Method and device for controlling an exhaust gas post-treatment for an internal combustion engine comprising at least one cylinder (Z1-Z4) and one combustion chamber (26) and one exhaust gas tract (14) in which is disposed an SCR catalyst (34). A humidity parameter (HDT EXH) of an exhaust gas in the exhaust gas tract (14) is determined upstream of the SCR catalyst (34) of the internal combustion machine. A control signal for an actuator for introducing ammonia into the exhaust gas is determined as a function of the humidity parameter (HDT_EXH) of the exhaust gas, and the actuator is adjusted accordingly.

Description

description

Method and apparatus for controlling exhaust aftertreatment

The invention relates to a method and a device for controlling an exhaust gas aftertreatment in an internal combustion engine with an SCR catalytic converter.

Ever stricter legal regulations regarding permissible pollutant emissions in motor vehicles, in which internal combustion engines are arranged, make it necessary to keep the pollutant emissions during operation of the internal combustion engine as low as possible. This can take place, on the one hand, in that the pollutant emissions which occur during the combustion of the air / fuel mixture in the respective cylinder of the internal combustion engine are reduced. On the other hand, exhaust gas aftertreatment systems are used in internal combustion engines, which convert the pollutant emissions which are generated during the combustion process of the air / fuel mixture in the respective cylinder into harmless substances. For this purpose, catalysts are used, which convert carbon monoxide, hydrocarbons and nitrogen oxides into harmless substances. Both the targeted influencing of the generation of the pollutant emissions during combustion and the conversion of the pollutant components with a high efficiency by an exhaust gas catalyst require a very precisely adjusted air / fuel ratio in the respective cylinder.

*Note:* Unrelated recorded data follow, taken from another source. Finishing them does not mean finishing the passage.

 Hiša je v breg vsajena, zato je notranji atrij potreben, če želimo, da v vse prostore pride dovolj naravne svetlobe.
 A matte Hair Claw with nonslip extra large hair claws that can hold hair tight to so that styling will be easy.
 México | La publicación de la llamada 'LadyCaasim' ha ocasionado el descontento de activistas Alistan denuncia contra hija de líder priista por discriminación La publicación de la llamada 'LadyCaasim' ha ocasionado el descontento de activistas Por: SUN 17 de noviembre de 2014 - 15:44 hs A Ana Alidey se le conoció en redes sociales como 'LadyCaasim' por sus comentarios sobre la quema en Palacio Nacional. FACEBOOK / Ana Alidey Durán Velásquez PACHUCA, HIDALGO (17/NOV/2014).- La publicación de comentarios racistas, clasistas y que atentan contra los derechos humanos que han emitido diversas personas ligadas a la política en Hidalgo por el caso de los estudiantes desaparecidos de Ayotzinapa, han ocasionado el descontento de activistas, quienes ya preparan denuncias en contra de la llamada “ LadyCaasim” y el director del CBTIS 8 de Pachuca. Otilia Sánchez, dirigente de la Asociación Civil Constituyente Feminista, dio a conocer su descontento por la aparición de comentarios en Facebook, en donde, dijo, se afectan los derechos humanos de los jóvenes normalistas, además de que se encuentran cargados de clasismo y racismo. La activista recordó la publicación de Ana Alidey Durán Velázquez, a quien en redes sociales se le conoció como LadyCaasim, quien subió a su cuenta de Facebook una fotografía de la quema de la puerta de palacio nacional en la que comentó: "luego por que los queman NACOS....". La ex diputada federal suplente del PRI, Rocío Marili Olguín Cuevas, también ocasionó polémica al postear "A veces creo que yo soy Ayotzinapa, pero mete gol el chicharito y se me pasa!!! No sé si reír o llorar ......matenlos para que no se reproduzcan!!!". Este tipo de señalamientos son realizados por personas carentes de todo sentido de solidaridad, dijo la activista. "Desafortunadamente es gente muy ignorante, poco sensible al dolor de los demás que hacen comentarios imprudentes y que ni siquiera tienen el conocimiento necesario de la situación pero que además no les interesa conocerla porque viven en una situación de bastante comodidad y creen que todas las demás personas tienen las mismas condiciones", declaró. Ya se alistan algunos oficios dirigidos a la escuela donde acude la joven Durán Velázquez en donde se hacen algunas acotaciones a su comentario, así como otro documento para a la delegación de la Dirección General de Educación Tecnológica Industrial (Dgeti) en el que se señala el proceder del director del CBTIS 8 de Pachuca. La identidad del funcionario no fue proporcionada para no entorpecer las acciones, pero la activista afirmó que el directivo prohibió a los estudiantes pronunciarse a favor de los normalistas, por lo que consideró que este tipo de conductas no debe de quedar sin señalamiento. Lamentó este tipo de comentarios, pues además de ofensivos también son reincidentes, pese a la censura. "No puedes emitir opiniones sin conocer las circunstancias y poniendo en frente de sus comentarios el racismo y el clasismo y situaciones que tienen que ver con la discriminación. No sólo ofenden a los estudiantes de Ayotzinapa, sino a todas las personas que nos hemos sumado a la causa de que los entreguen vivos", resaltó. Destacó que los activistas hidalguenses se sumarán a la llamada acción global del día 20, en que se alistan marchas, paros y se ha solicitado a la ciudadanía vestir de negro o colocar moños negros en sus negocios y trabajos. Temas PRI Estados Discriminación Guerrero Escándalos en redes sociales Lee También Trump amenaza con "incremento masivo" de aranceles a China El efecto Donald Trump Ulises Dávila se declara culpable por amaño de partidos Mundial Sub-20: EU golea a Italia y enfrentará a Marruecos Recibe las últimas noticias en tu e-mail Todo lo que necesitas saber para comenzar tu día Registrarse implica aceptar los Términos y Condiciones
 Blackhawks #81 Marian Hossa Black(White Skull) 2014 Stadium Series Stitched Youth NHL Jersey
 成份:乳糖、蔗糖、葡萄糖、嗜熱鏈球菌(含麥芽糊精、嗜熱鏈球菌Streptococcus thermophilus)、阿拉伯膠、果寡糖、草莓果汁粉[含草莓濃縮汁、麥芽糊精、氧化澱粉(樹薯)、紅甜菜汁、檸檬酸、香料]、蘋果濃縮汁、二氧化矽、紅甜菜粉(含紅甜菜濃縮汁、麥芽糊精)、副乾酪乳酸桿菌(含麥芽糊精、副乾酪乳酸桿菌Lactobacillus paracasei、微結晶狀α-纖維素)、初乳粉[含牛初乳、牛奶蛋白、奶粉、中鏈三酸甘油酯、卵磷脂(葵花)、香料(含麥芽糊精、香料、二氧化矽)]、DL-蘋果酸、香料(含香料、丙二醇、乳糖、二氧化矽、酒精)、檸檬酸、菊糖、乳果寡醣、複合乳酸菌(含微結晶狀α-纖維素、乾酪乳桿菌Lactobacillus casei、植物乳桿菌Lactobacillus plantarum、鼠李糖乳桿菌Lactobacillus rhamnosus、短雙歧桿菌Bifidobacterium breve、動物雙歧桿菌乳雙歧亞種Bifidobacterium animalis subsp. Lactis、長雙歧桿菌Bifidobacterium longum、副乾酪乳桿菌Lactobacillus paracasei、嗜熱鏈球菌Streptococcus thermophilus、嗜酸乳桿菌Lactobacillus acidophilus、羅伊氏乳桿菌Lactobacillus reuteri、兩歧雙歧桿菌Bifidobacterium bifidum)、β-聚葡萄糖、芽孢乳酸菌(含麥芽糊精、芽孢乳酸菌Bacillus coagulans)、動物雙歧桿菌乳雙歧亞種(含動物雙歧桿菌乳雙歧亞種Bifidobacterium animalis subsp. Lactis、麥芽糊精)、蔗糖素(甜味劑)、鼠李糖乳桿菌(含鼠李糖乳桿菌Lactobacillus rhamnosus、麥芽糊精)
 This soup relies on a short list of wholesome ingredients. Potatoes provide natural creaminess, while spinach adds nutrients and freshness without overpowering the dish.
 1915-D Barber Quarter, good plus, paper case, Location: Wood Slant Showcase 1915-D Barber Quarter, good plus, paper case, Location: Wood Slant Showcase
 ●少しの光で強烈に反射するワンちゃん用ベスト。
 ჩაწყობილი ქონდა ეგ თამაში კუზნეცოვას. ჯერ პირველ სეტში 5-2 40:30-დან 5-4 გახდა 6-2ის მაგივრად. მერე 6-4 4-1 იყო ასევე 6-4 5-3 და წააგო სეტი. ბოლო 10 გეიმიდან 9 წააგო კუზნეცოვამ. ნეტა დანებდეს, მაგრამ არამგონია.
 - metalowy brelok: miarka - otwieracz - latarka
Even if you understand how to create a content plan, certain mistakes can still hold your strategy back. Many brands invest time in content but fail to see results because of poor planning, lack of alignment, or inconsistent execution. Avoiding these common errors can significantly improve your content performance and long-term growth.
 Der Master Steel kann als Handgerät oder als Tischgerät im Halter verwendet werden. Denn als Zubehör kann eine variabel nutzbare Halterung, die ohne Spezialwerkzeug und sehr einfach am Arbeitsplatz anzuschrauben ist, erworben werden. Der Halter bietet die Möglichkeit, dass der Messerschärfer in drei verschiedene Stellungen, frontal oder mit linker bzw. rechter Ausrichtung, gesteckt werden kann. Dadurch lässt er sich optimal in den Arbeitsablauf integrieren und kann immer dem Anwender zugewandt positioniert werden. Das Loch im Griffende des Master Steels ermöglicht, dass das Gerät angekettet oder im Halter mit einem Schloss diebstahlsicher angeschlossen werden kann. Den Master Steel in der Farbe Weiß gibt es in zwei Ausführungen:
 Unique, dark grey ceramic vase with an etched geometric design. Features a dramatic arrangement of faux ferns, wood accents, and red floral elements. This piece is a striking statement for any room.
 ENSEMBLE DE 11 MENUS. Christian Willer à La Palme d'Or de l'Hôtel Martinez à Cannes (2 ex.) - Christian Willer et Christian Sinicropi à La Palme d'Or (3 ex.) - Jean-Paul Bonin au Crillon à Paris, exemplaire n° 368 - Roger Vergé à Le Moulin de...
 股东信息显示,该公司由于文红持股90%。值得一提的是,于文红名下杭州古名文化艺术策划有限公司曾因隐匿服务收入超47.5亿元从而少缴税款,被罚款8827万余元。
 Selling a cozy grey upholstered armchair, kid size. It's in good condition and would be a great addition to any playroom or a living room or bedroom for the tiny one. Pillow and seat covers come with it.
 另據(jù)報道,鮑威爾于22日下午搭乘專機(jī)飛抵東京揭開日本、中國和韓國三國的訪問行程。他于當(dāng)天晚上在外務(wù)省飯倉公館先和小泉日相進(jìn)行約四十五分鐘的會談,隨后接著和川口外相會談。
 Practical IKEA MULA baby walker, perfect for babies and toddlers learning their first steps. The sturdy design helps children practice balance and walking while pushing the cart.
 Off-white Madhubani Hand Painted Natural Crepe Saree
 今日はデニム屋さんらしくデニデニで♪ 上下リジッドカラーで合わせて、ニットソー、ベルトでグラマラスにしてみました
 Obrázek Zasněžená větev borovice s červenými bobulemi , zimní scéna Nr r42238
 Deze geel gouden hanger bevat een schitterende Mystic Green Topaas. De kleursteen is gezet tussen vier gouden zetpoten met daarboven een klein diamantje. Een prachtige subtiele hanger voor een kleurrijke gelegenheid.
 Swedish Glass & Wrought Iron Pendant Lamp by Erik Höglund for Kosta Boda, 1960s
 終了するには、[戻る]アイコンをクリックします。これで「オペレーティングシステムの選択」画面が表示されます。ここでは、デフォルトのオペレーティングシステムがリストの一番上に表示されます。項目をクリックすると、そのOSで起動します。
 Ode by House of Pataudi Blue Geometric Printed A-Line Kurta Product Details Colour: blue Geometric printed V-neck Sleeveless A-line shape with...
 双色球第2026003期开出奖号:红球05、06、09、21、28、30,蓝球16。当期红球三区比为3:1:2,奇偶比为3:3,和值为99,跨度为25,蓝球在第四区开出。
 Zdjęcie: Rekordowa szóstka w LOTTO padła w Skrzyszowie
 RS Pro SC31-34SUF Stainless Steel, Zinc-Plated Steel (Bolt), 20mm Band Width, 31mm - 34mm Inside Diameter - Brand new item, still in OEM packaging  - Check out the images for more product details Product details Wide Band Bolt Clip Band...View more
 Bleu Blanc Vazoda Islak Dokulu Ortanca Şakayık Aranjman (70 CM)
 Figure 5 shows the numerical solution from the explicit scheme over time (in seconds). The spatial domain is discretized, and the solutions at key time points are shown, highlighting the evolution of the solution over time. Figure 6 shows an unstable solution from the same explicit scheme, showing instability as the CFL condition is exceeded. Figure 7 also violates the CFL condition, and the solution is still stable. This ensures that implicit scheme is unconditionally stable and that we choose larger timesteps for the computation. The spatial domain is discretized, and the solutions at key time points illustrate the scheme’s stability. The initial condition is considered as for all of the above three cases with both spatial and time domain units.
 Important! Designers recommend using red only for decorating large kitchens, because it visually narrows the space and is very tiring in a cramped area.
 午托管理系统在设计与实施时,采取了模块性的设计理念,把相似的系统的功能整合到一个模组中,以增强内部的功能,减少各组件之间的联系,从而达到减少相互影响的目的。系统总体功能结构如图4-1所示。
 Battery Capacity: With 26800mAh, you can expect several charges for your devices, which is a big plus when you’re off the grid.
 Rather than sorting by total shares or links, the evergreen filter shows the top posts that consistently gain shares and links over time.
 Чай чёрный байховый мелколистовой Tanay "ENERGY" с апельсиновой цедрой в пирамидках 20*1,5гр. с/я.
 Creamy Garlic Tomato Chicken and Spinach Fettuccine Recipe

In this context, it must be ensured that the components of the exhaust aftertreatment system also function in the desired manner over a long period of operation and errors are reliably detected. In a lean-running gasoline engine and in a diesel internal combustion engine, nitrogen oxides can be produced during a combustion process in a combustion chamber of the corresponding internal combustion engine. The resulting nitrogen oxides are then part of an exhaust gas of the internal combustion engine. To reduce the nitrogen oxide content of the exhaust gas, the exhaust tract of the internal combustion engine can be metered with a reducing agent, by means of which the nitrogen oxides in an SCR catalyst can react to give acceptable nitrogen and water. The reducing agent used is preferably ammonia. The ammonia can be recovered by heating a complex salt and gaseously metered into the exhaust tract. Alternatively, the exhaust tract may be fed with an aqueous urea solution which, due to the heat in the exhaust tract, is then at least partially hydrolyzed to ammonia which reacts with the nitrogen oxides of the exhaust gas in the SCR catalyst. If the nitrogen oxides are not completely reduced, they contribute to environmental pollution. If an excess of ammonia is metered and the ammonia exits the exhaust tract, this leads to a significant odor nuisance in an environment of the internal combustion engine.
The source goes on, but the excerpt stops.